[Opening RECORDS FOR THE TASK section]

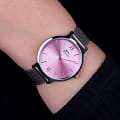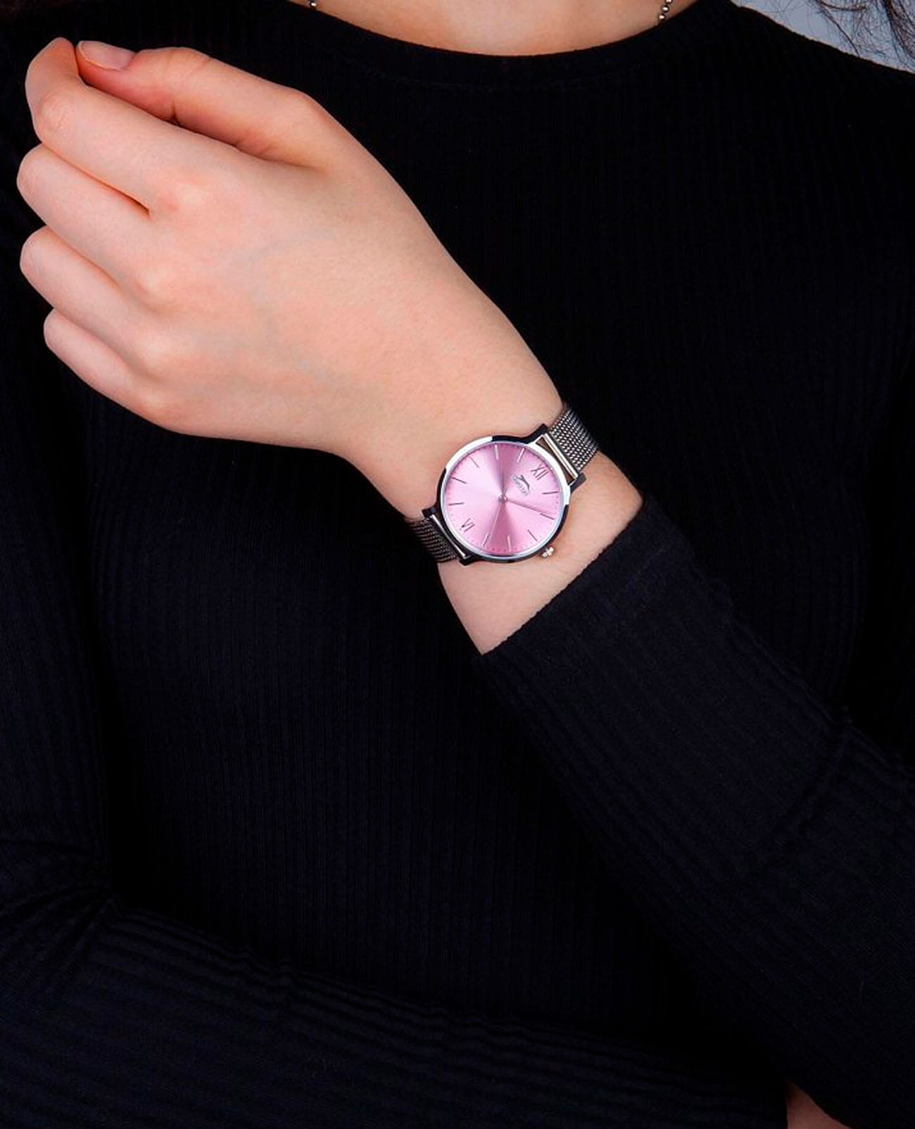 Женские наручные часы Slazenger SL.09.1823.2.07 из коллекции Essentials сочетают в себе элегантный дизайн и практичность современных технологий. Модель обладает круглым корпусом диаметром 34 мм, изготовленным из нержавеющей стали с серебряным покрытием, что обеспечивает высокую устойчивость к внешним воздействиям. Браслет миланского плетения с застежкой раскладной замокРаскладной замокДанный вариант застежки используется только на часах с металлическим браслетом. Отличительная особенность такого крепления в том, что длина браслета становится универсальной и вы можете самостоятельно отрегулировать нужный вам размер – застежка просто двигается по браслету часов., гарантирующей комфортное ношение и безопасность. Розовый циферблат делает модель особенно женственной и привлекательной. Для защиты используется минеральное стеклоМинеральное стеклоМинеральное стекло представляет собой искусственно выращенный минерал кварца. Такое стекло отличается особой устойчивостью к повреждениям и царапинам. Уступает по некоторым качествам сапфировому стеклу., обеспечивающее прочную защиту от царапин. Часы работают на японском кварцевом механизме, что гарантирует точное время без необходимости подзаводки. Водонепроницаемость часов составляет 3 атмосферы (30 метров), что позволяет использовать их в повседневной жизни, но не рекомендуется для плавания или водных видов спорта.
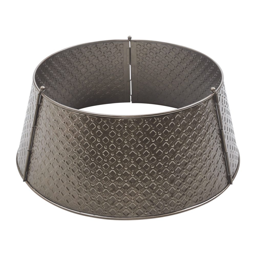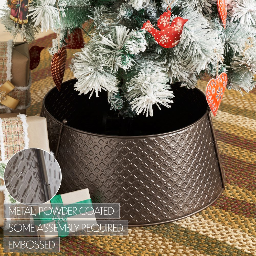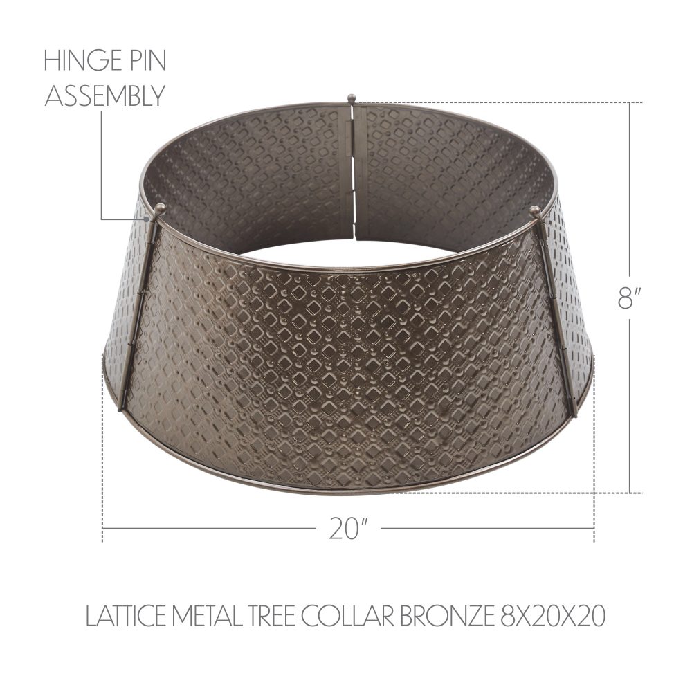 Enhance your holiday tree with the VHC Brands Lattice Metal Christmas Tree Collar in a rich bronze finish. Measuring 8x20 inches, this beautifully crafted tree collar features an elegant lattice pattern combined with delicate snowflake designs, adding festive charm and texture to your Christmas decor. Its warm bronze tone brings a cozy, vintage-inspired glow that perfectly complements primitive rustic and traditional holiday themes. Made from durable metal, this tree collar is equipped with a convenient hinge pin assembly for easy installation and a secure fit around your tree base. The solid bronze color and classic round shape provide a refined foundation that elevates the overall look of your holiday centerpiece. This accessory offers a stylish alternative to traditional tree skirts, merging functionality with timeless festive appeal. Ideal for use throughout your home-in the bathroom, bedroom, dining room, entryway, kitchen, or living room-this Lattice Metal Christmas Tree Collar brings warmth and holiday spirit to any space. Maintenance is simple with a quick wipe using a soft cloth to maintain its radiant bronze finish year after year. This elegant piece is a perfect addition to create a cohesive and inviting Christmas atmosphere.
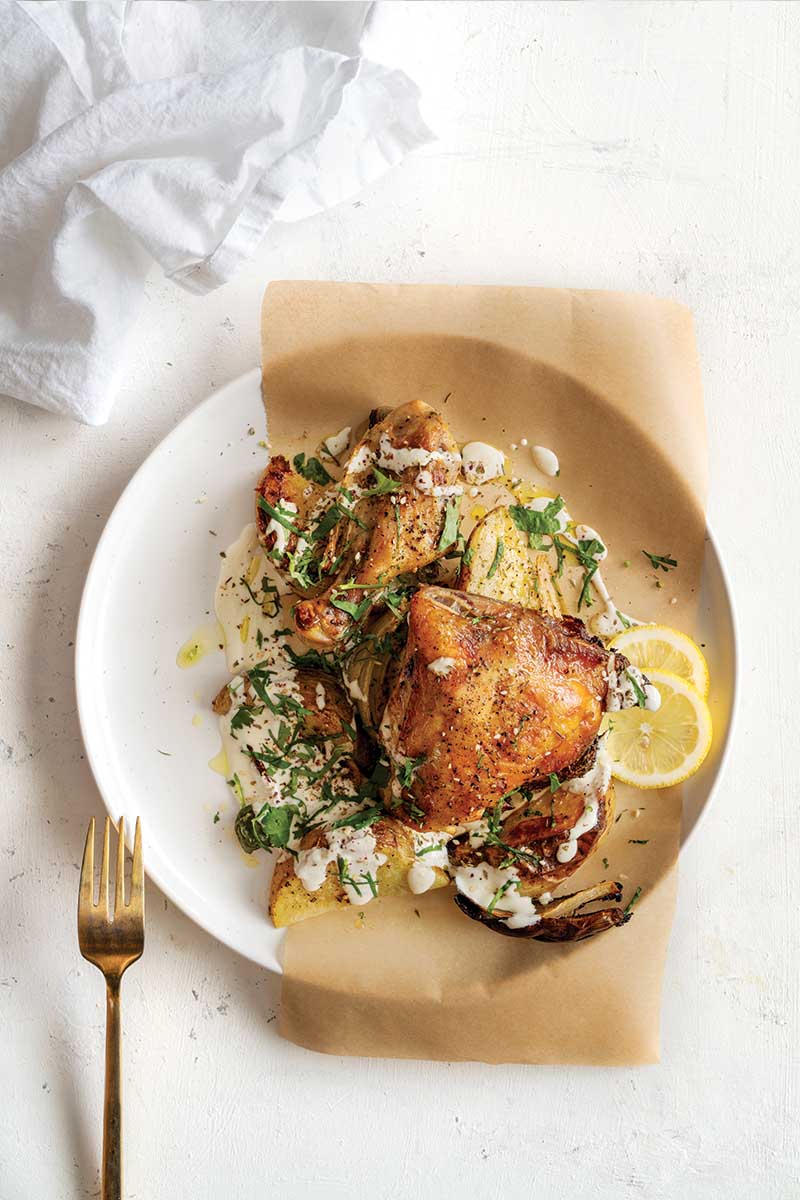 Sheet Pan Chicken with Potatoes, Olives, and Lemony Mustard Yogurt
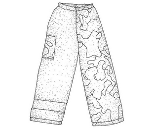 The mark consists of a three-dimensional design of an article of clothing, namely, pants and shorts used for beachwear and swimwear incorporating two different terry cloth fabric patterns, namely, a solid pattern and an image bearing pattern. The patterns are divided along the vertical midline of the garment body separating the two pant legs extending from the waistband to the garment crotch. Each pant leg is similarly shaped and is of similar length, a solid terry cloth fabric on forms one half of the article of clothing and a patterned "camouflage" terry cloth fabric forms the other half of the article of clothing with the solid cloth half of the article of clothing incorporating a towel border and a pocket fabricated from the patterned "camouflage" cloth fabric of the opposite leg positioned approximately mid-thigh on its lateral outer surface.
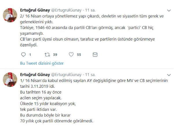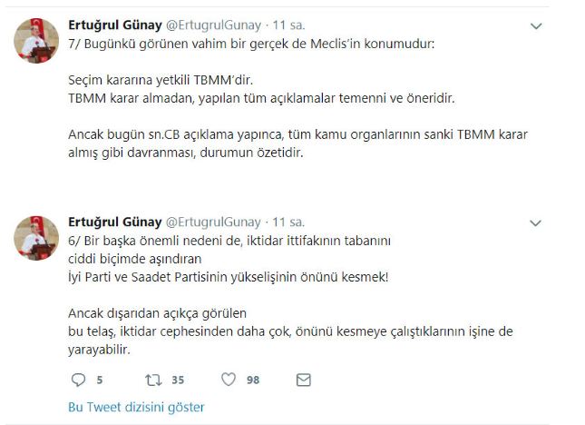 AKP’li eski Bakan Ertuğrul Günay, sosyal medyada paylaştığı açıklamasında “16 Nisan’da kabul edilmiş sayılan AY değişikliğine göre MV ve CB seçimlerinin tarihi 3.11.2019 idi. Bu tarihten 16 ay önce acilen seçim yapılacak. Ülkede 15 yıldır koalisyon yok, tek parti iktidarı var. Bu durumda böyle bir karar 70 yıllık çok partili dönemde görülmedi” ifadelerini kullandı.
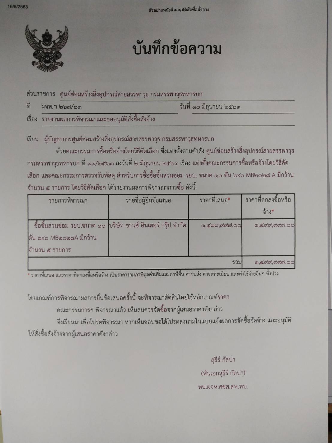ตามที่ กองทัพบก ได้มีหนังสือเชิญชวนสำหรับ ซื้อซื้อชิ้นส่วนซ่อม รยบ. ขนาด ๑๐ ตัน ๖x๖ MB๒๐๒๘ A มีกว้าน จำนวน ๕ รายการ โดยวิธีคัดเลือก นั้น
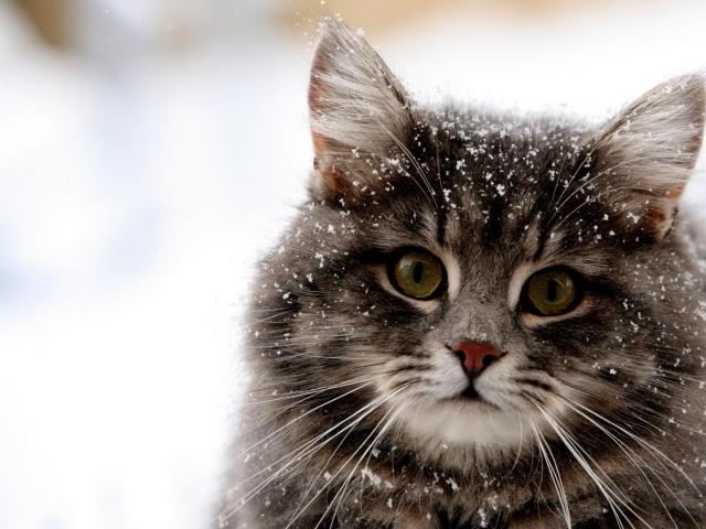 Wallpaper Snow on wool cat
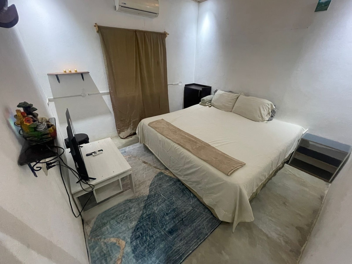 Lugar perfecto para alojarse por trabajo o vacaciones, ¡tal vez un poco de ambos! Esta equipado con cama matrimonial, TV, WiFi, Aire Acondicionado, cocina, etc.

[Closing RECORDS FOR THE TASK section]

Copy each line of the records above exactly as written. Do not carry over any picture.

• _TASK RESPONSE_:
 Женские наручные часы Slazenger SL.09.1823.2.07 из коллекции Essentials сочетают в себе элегантный дизайн и практичность современных технологий. Модель обладает круглым корпусом диаметром 34 мм, изготовленным из нержавеющей стали с серебряным покрытием, что обеспечивает высокую устойчивость к внешним воздействиям. Браслет миланского плетения с застежкой раскладной замокРаскладной замокДанный вариант застежки используется только на часах с металлическим браслетом. Отличительная особенность такого крепления в том, что длина браслета становится универсальной и вы можете самостоятельно отрегулировать нужный вам размер – застежка просто двигается по браслету часов., гарантирующей комфортное ношение и безопасность. Розовый циферблат делает модель особенно женственной и привлекательной. Для защиты используется минеральное стеклоМинеральное стеклоМинеральное стекло представляет собой искусственно выращенный минерал кварца. Такое стекло отличается особой устойчивостью к повреждениям и царапинам. Уступает по некоторым качествам сапфировому стеклу., обеспечивающее прочную защиту от царапин. Часы работают на японском кварцевом механизме, что гарантирует точное время без необходимости подзаводки. Водонепроницаемость часов составляет 3 атмосферы (30 метров), что позволяет использовать их в повседневной жизни, но не рекомендуется для плавания или водных видов спорта.
 Enhance your holiday tree with the VHC Brands Lattice Metal Christmas Tree Collar in a rich bronze finish. Measuring 8x20 inches, this beautifully crafted tree collar features an elegant lattice pattern combined with delicate snowflake designs, adding festive charm and texture to your Christmas decor. Its warm bronze tone brings a cozy, vintage-inspired glow that perfectly complements primitive rustic and traditional holiday themes. Made from durable metal, this tree collar is equipped with a convenient hinge pin assembly for easy installation and a secure fit around your tree base. The solid bronze color and classic round shape provide a refined foundation that elevates the overall look of your holiday centerpiece. This accessory offers a stylish alternative to traditional tree skirts, merging functionality with timeless festive appeal. Ideal for use throughout your home-in the bathroom, bedroom, dining room, entryway, kitchen, or living room-this Lattice Metal Christmas Tree Collar brings warmth and holiday spirit to any space. Maintenance is simple with a quick wipe using a soft cloth to maintain its radiant bronze finish year after year. This elegant piece is a perfect addition to create a cohesive and inviting Christmas atmosphere.
 Sheet Pan Chicken with Potatoes, Olives, and Lemony Mustard Yogurt
 The mark consists of a three-dimensional design of an article of clothing, namely, pants and shorts used for beachwear and swimwear incorporating two different terry cloth fabric patterns, namely, a solid pattern and an image bearing pattern. The patterns are divided along the vertical midline of the garment body separating the two pant legs extending from the waistband to the garment crotch. Each pant leg is similarly shaped and is of similar length, a solid terry cloth fabric on forms one half of the article of clothing and a patterned "camouflage" terry cloth fabric forms the other half of the article of clothing with the solid cloth half of the article of clothing incorporating a towel border and a pocket fabricated from the patterned "camouflage" cloth fabric of the opposite leg positioned approximately mid-thigh on its lateral outer surface.
 AKP’li eski Bakan Ertuğrul Günay, sosyal medyada paylaştığı açıklamasında “16 Nisan’da kabul edilmiş sayılan AY değişikliğine göre MV ve CB seçimlerinin tarihi 3.11.2019 idi. Bu tarihten 16 ay önce acilen seçim yapılacak. Ülkede 15 yıldır koalisyon yok, tek parti iktidarı var. Bu durumda böyle bir karar 70 yıllık çok partili dönemde görülmedi” ifadelerini kullandı.
ตามที่ กองทัพบก ได้มีหนังสือเชิญชวนสำหรับ ซื้อซื้อชิ้นส่วนซ่อม รยบ. ขนาด ๑๐ ตัน ๖x๖ MB๒๐๒๘ A มีกว้าน จำนวน ๕ รายการ โดยวิธีคัดเลือก นั้น
 Wallpaper Snow on wool cat
 Lugar perfecto para alojarse por trabajo o vacaciones, ¡tal vez un poco de ambos! Esta equipado con cama matrimonial, TV, WiFi, Aire Acondicionado, cocina, etc.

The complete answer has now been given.